During the EHEC outbreak in Germany in 2011 [7] it became evident that no suitable analytical tool was available to public authorities for handling tracing data. The state of the art was to carry out tracing analysis manually with existing tools and skills. Other specialized tools and databases [21–24] are often not accessible to outbreak investigators and are designed for purposes relating to specific data structures, attributes or supply chains. Furthermore, the challenge of integrating information from small companies, which may not have an computerized inventory management system to comply with directives on tracing, was not addressed [25].

We here summarize the key findings of applying the software FoodChain-Lab during two real world outbreak investigations.

In 2011 the Task Force EHEC considered two different analytical strategies aiming to identify the source of contamination: “manually”, by checking if an implicated sprout producer had supply chains to all cases, and “IT-based”, a lot-based backward tracing from the cases resulting in a reconstruction of the real flow of all food items consumed in common dishes within outbreak clusters. The first approach was quickly successful as it became clear that a specific sprout producer had connections to nearly all outbreak stations. The backward tracing approach was successful as well, but leading to another result—fenugreek seeds from Egypt were identified as the contaminated food commodity causing the outbreak.

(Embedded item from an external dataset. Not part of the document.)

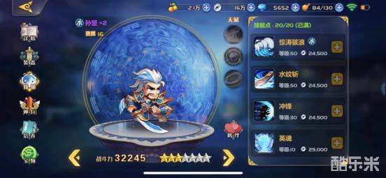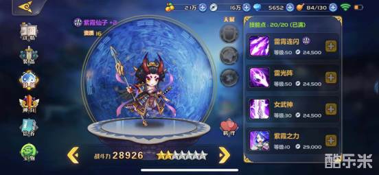 2、紫霞:16资质的神将,能打能抗,我用来当做福坦了,队伍的最高输出,经常一个大招干死对面前排(紫霞开大的时候对面前排基本半血左右),一定要有水属性,不然打人不疼。紫霞二技能是核心技能,控制对面智力武将,一般智力武将都是输出和奶,基本第一个控制完可以连上第二个,好几秒不能动,很好的控制对面输出。三技能紫霞的神技,时间越长攻击越高,观察了好几次,孙坚打对面700血的时间,紫霞一个平A要在2100左右了,非常强劲。紫霞4技能比较平常和孙坚一样加物理防御,增加生存时间,打出更高输出。

In general, the advantage of the first approach is that it leads to results quickly but has some disadvantages: firstly, there is a risk of expectancy bias; secondly, it does not reconstruct supply chains in terms of individual lots, providing less detailed evidence; and thirdly, it is most applicable when a simple supply chain is of particular interest.

In the case of the EHEC outbreak, supply chains were complex and the “IT-based” approach was able to produce better results. The application of the software in this outbreak investigation confirmed the following advancements compared to traditional methods:

supply chains could be fully reconstructed in terms of individual lots
visualization and analysis could be done automatically
analysis could be restricted to lots that have been processed in specific time frames
amounts of incoming commodities could be verified against outgoing amounts at each station to identify gaps in data
local investigations could be minimized; e.g. software-based analysis showed that there was no matching lot-related linkage for a seed distributor who had supplied all outbreak clusters
the common source linking German and French cases was first identified by the software (Fig 6)

Download:

Fig 6. EHEC outbreak 2011.

All seven outbreak clusters in Germany and France (red) investigated in detail can be traced back to the source of the outbreak, which is the producer of fenugreek seeds in Egypt (yellow, the backtrace score calculated is 1). Numerous other stations without cases (no color) also received seeds from this producer. The automatically generated network view is synchronized with a geographical view based on maps from OpenStreetMap.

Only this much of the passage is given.